> What needs to be done
Having located "Zestaw Balonów na", write out its line and the remaining lines of the material exactly, the last one included, but not the pictures.

> Dataset entries
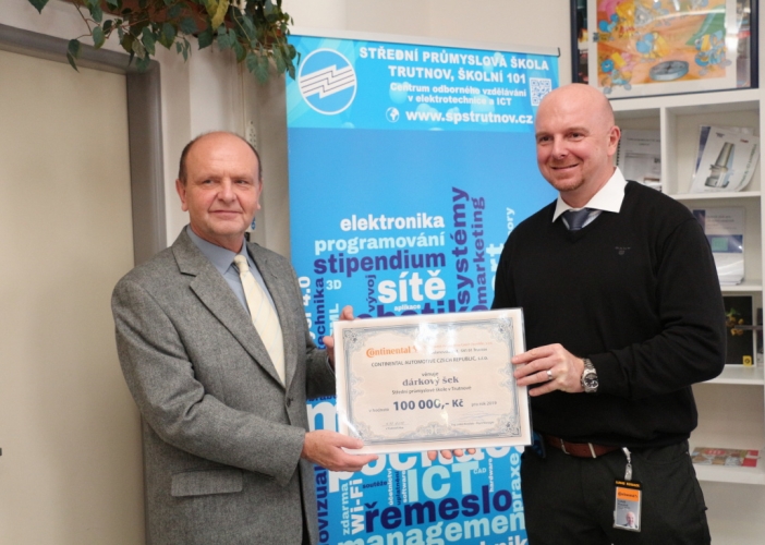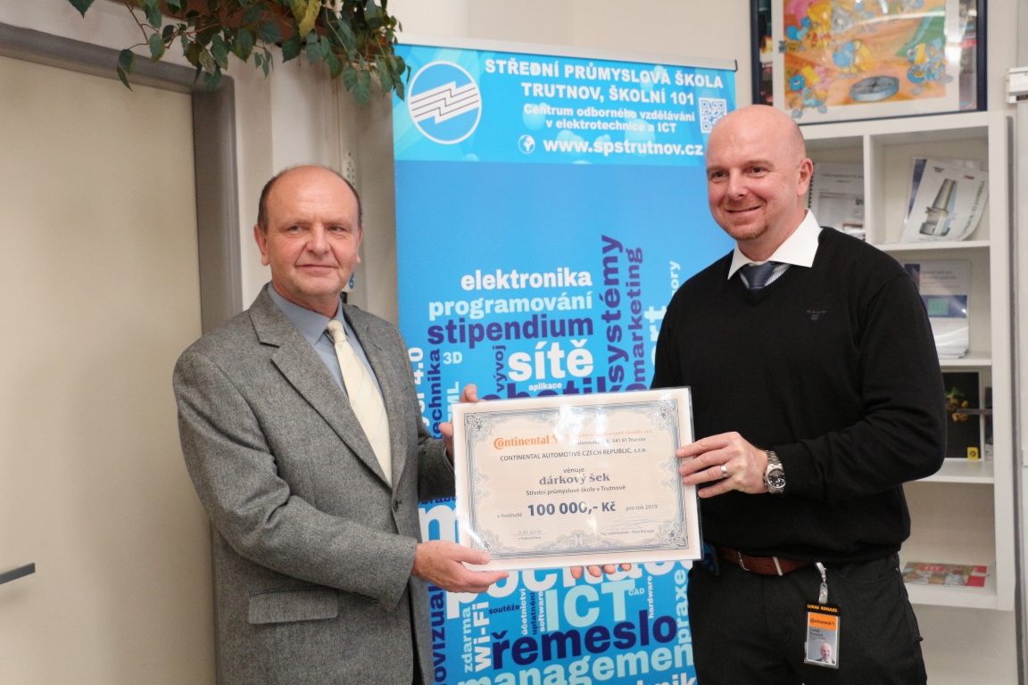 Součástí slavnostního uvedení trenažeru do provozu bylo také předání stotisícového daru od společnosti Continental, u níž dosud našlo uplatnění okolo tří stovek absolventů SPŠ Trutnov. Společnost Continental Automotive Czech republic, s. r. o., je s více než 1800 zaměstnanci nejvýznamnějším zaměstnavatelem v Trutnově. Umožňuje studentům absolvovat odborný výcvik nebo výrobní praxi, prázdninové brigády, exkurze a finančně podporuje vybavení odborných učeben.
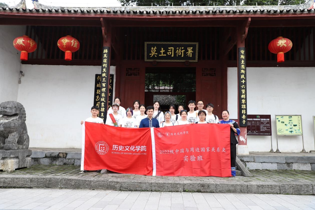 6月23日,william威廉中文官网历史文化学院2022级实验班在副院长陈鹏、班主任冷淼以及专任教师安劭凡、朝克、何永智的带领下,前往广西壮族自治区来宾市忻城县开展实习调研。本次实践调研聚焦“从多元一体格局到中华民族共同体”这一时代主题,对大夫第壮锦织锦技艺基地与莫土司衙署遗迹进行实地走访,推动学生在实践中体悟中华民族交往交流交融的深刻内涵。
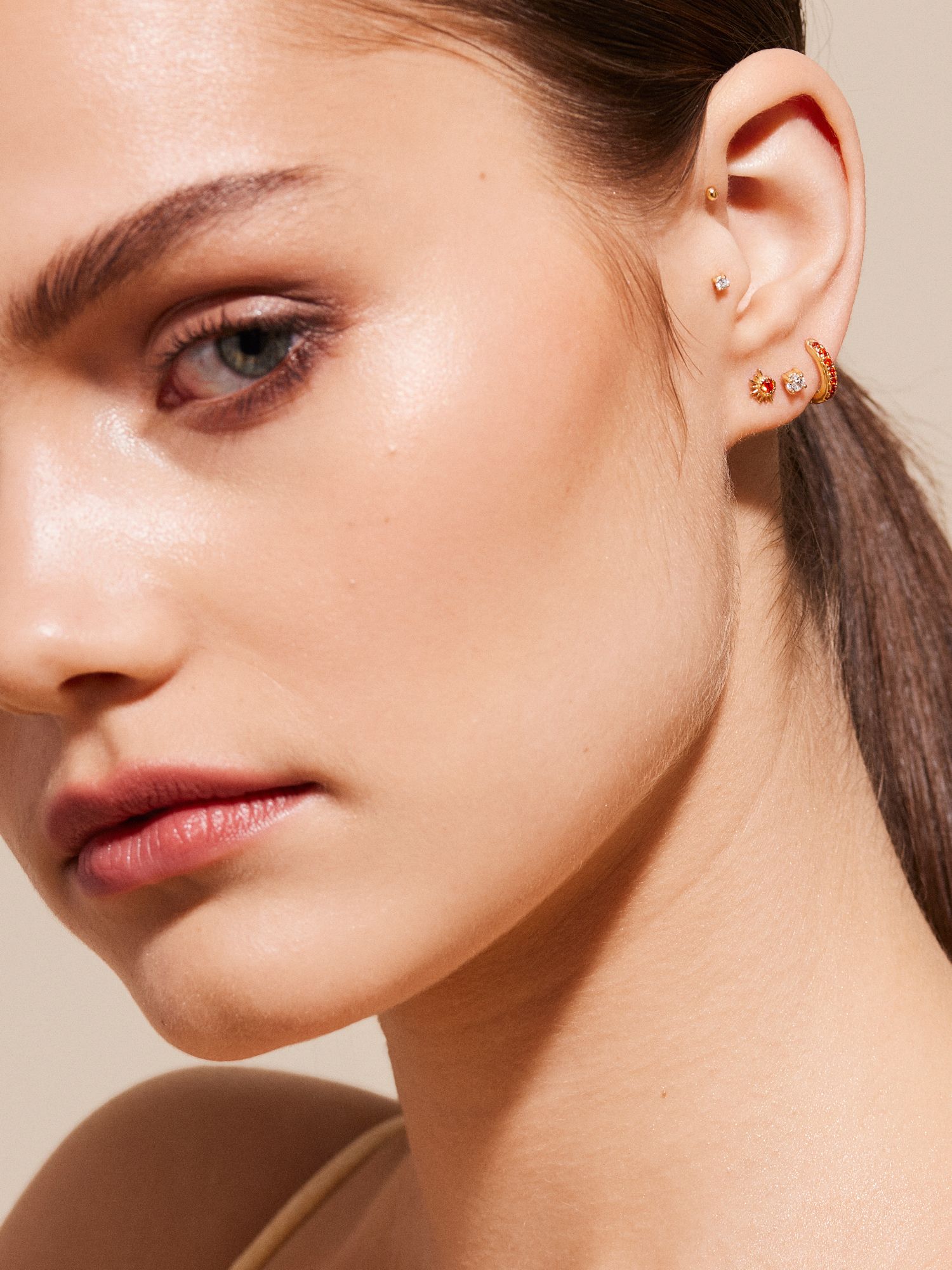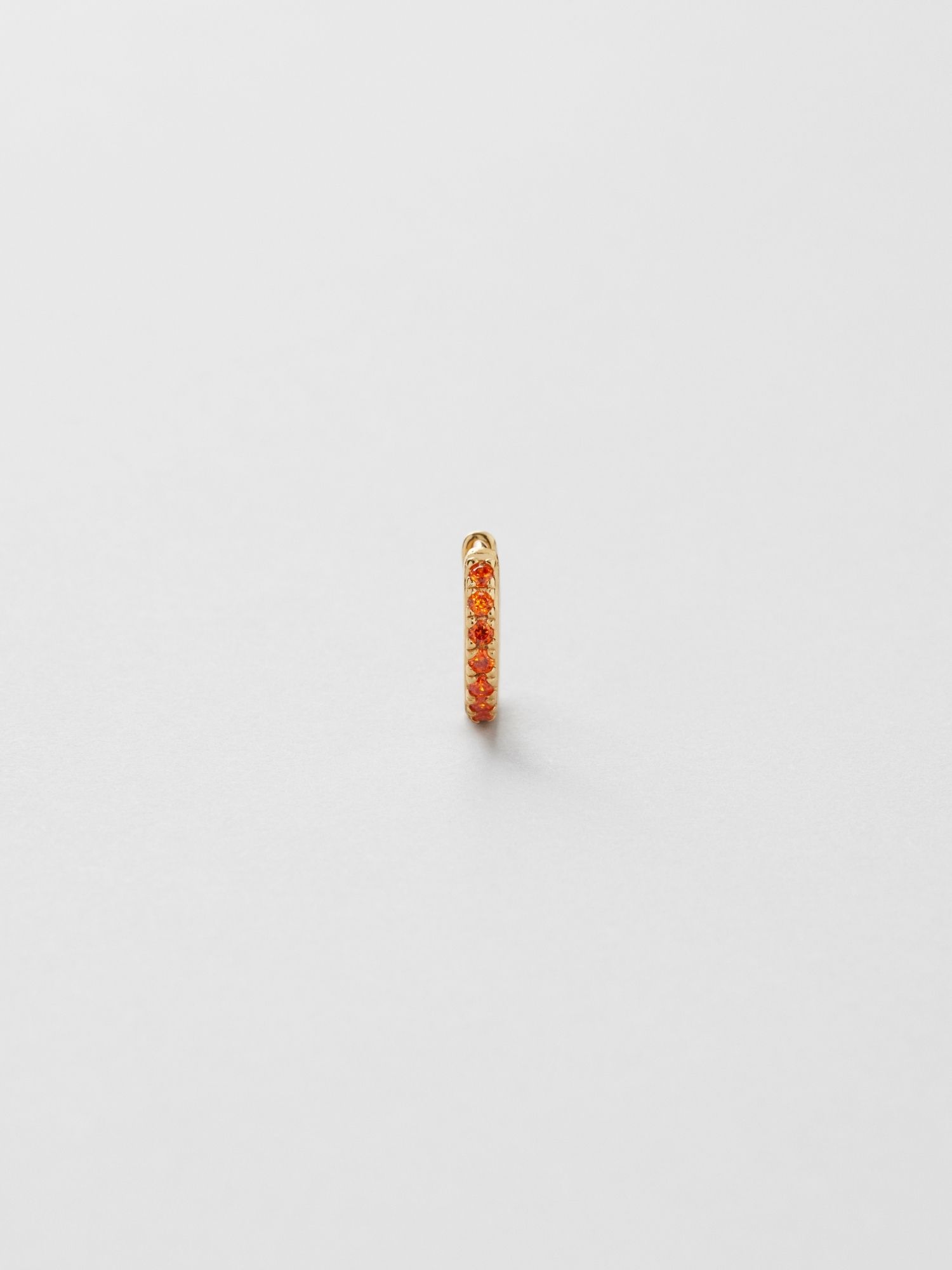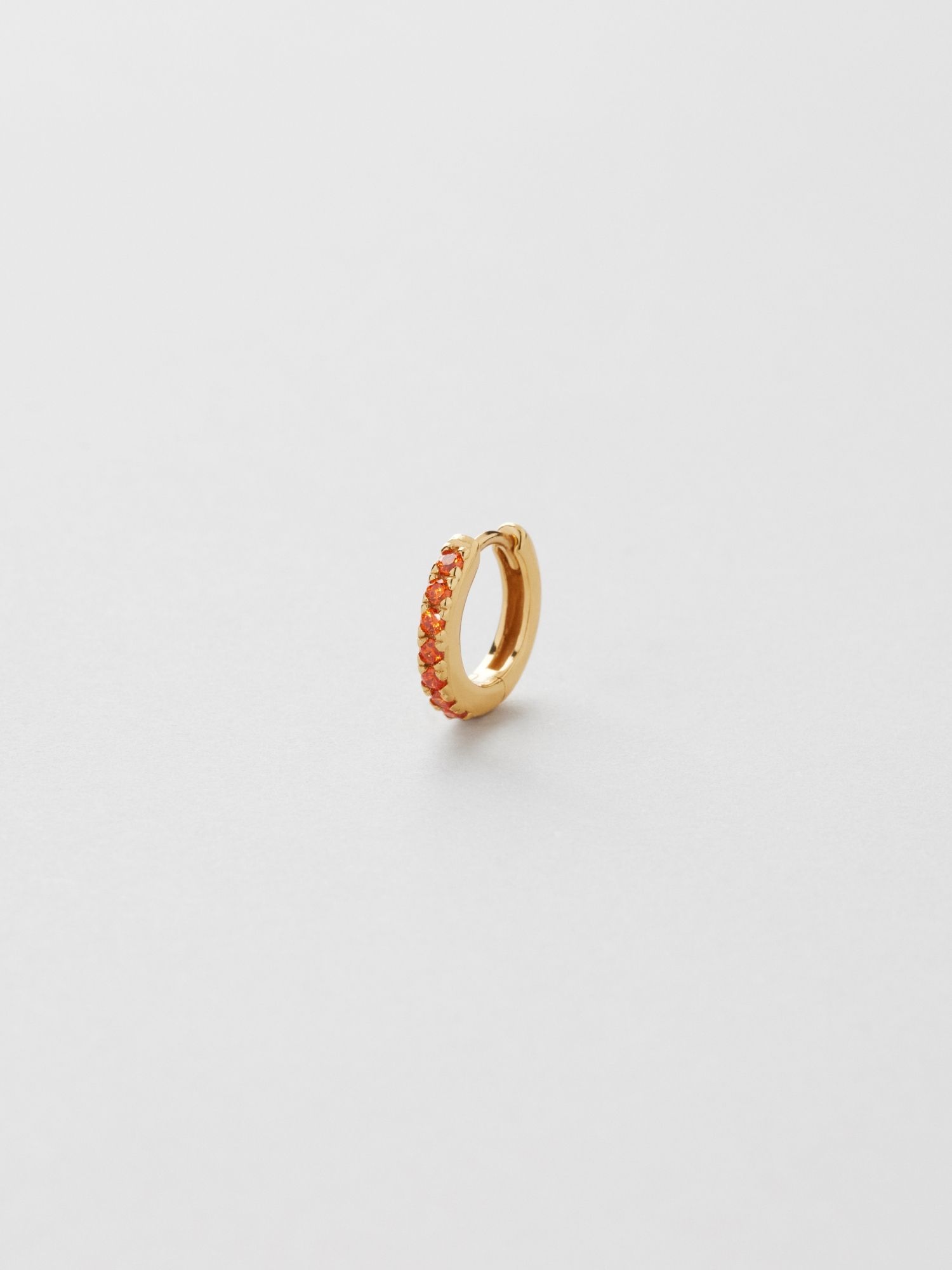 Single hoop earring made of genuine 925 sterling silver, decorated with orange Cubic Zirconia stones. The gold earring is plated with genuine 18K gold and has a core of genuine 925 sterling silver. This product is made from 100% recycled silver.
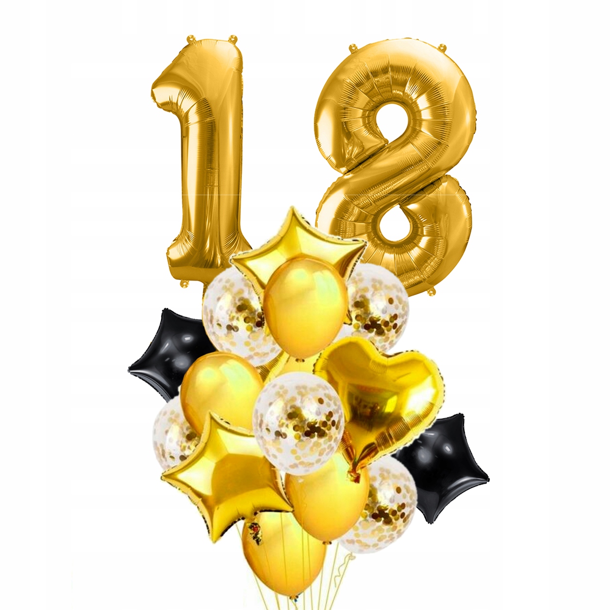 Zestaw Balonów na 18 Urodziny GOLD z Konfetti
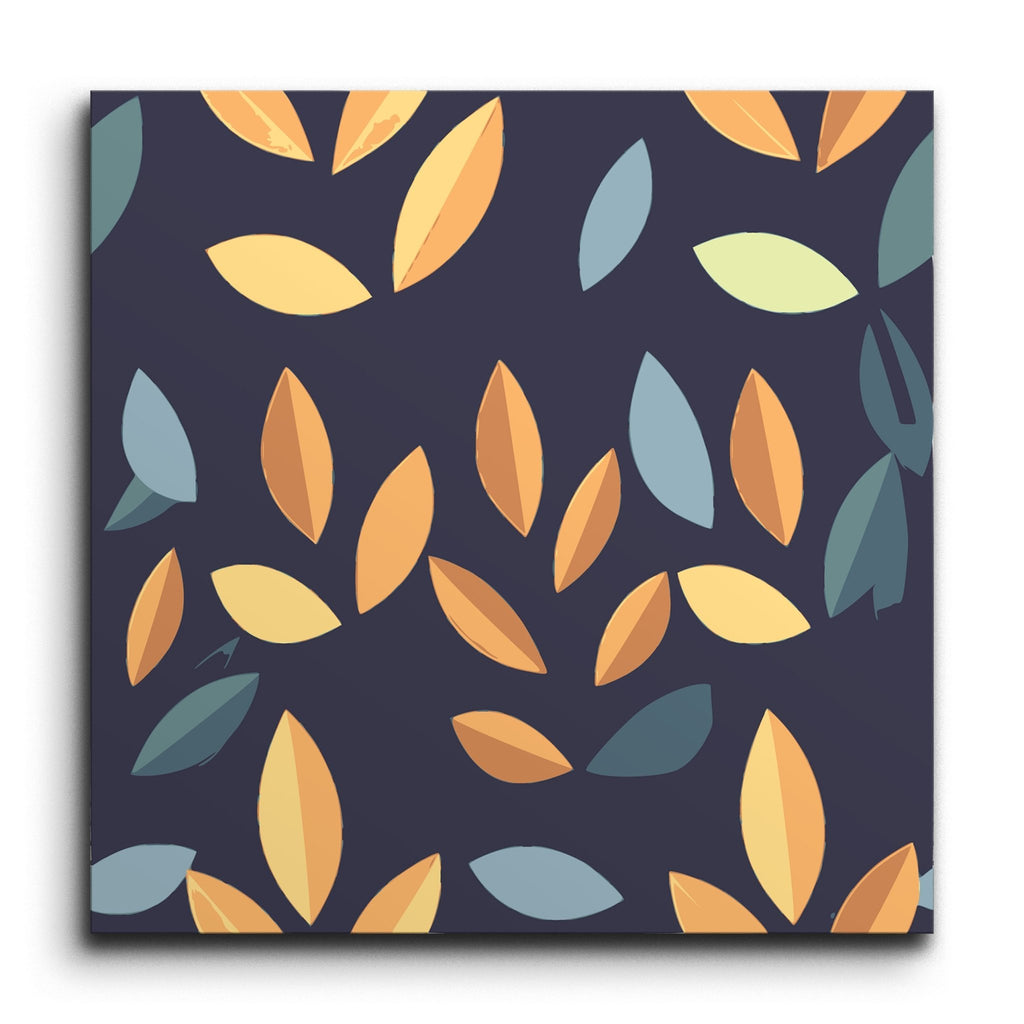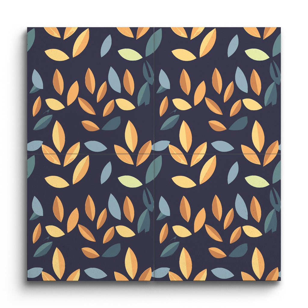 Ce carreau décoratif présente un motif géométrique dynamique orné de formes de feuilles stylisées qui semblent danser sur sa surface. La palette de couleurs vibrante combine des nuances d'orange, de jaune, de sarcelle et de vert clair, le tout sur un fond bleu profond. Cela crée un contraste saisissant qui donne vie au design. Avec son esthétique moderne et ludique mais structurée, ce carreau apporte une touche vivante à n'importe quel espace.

> Written response
 Zestaw Balonów na 18 Urodziny GOLD z Konfetti
 Ce carreau décoratif présente un motif géométrique dynamique orné de formes de feuilles stylisées qui semblent danser sur sa surface. La palette de couleurs vibrante combine des nuances d'orange, de jaune, de sarcelle et de vert clair, le tout sur un fond bleu profond. Cela crée un contraste saisissant qui donne vie au design. Avec son esthétique moderne et ludique mais structurée, ce carreau apporte une touche vivante à n'importe quel espace.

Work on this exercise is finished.